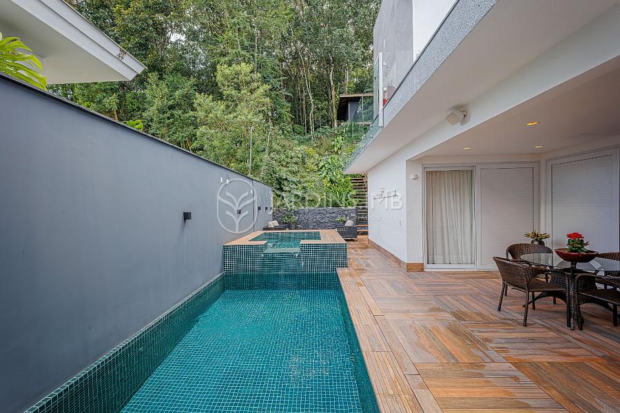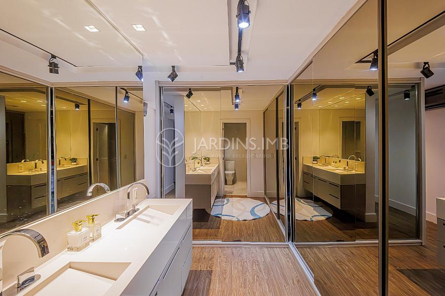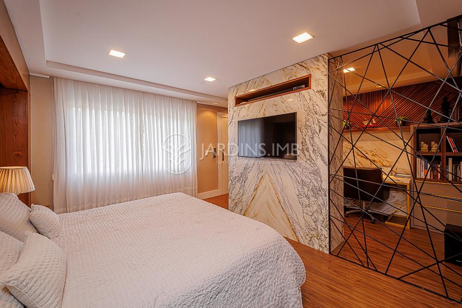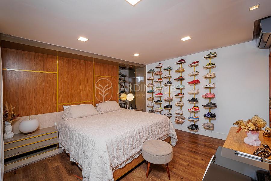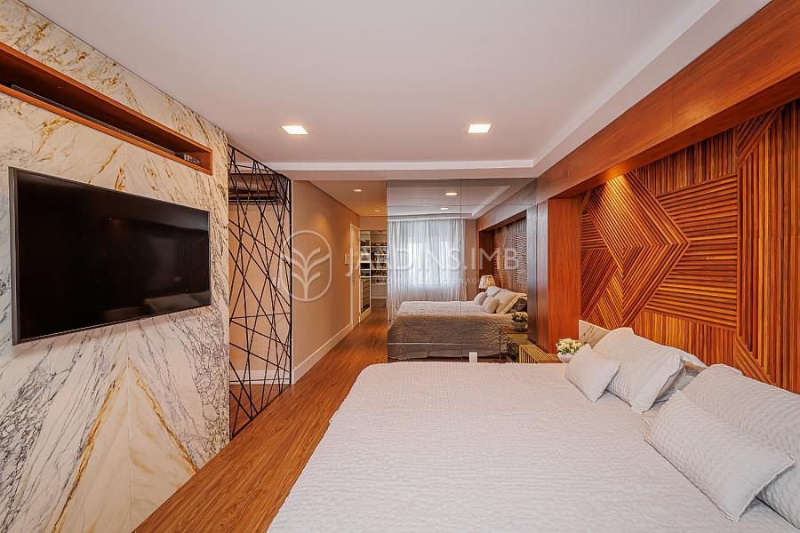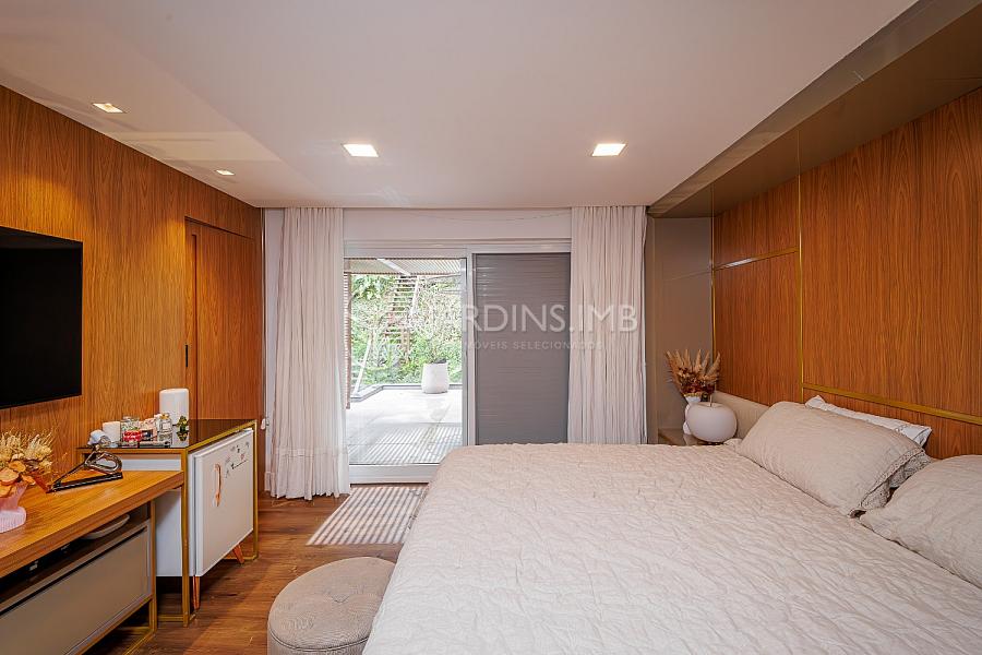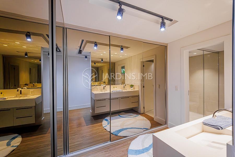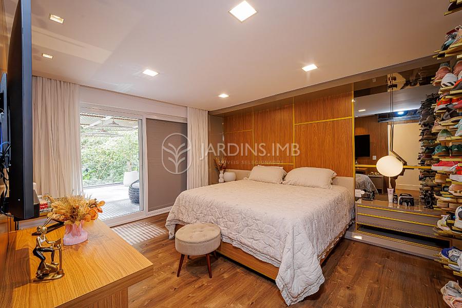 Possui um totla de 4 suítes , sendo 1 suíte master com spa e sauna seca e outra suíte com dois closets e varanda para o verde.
* * *
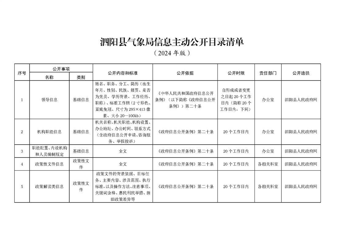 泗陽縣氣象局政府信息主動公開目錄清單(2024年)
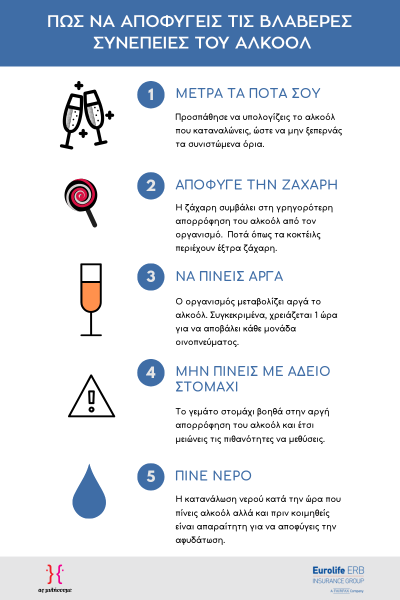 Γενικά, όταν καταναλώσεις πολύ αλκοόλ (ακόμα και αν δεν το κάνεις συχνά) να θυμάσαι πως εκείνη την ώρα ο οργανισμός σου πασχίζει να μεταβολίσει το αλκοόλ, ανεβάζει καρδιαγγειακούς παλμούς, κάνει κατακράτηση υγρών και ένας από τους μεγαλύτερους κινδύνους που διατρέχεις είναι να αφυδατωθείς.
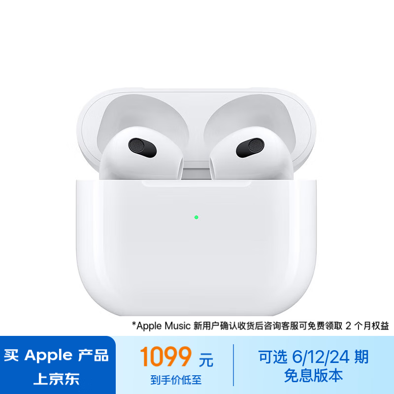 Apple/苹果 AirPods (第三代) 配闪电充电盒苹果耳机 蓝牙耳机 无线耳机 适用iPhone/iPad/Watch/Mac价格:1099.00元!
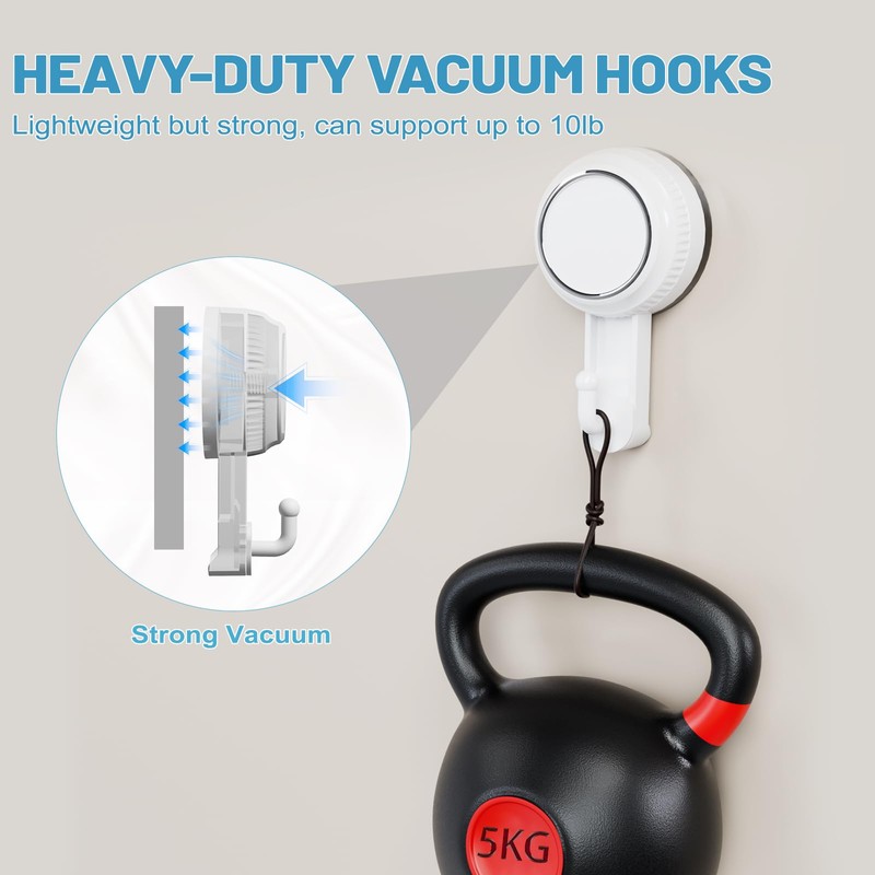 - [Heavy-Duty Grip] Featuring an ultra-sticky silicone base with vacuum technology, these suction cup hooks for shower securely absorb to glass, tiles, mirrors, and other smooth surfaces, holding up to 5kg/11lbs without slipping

TO DO:
Within the listing above, find the line containing "Apple/苹果 AirPods (第三代)" and the line containing "- [Heavy-Duty Grip]". Transcribe them and everything between them exactly, leaving out the pictures.

SOLUTION BELOW:
 Apple/苹果 AirPods (第三代) 配闪电充电盒苹果耳机 蓝牙耳机 无线耳机 适用iPhone/iPad/Watch/Mac价格:1099.00元!
 - [Heavy-Duty Grip] Featuring an ultra-sticky silicone base with vacuum technology, these suction cup hooks for shower securely absorb to glass, tiles, mirrors, and other smooth surfaces, holding up to 5kg/11lbs without slipping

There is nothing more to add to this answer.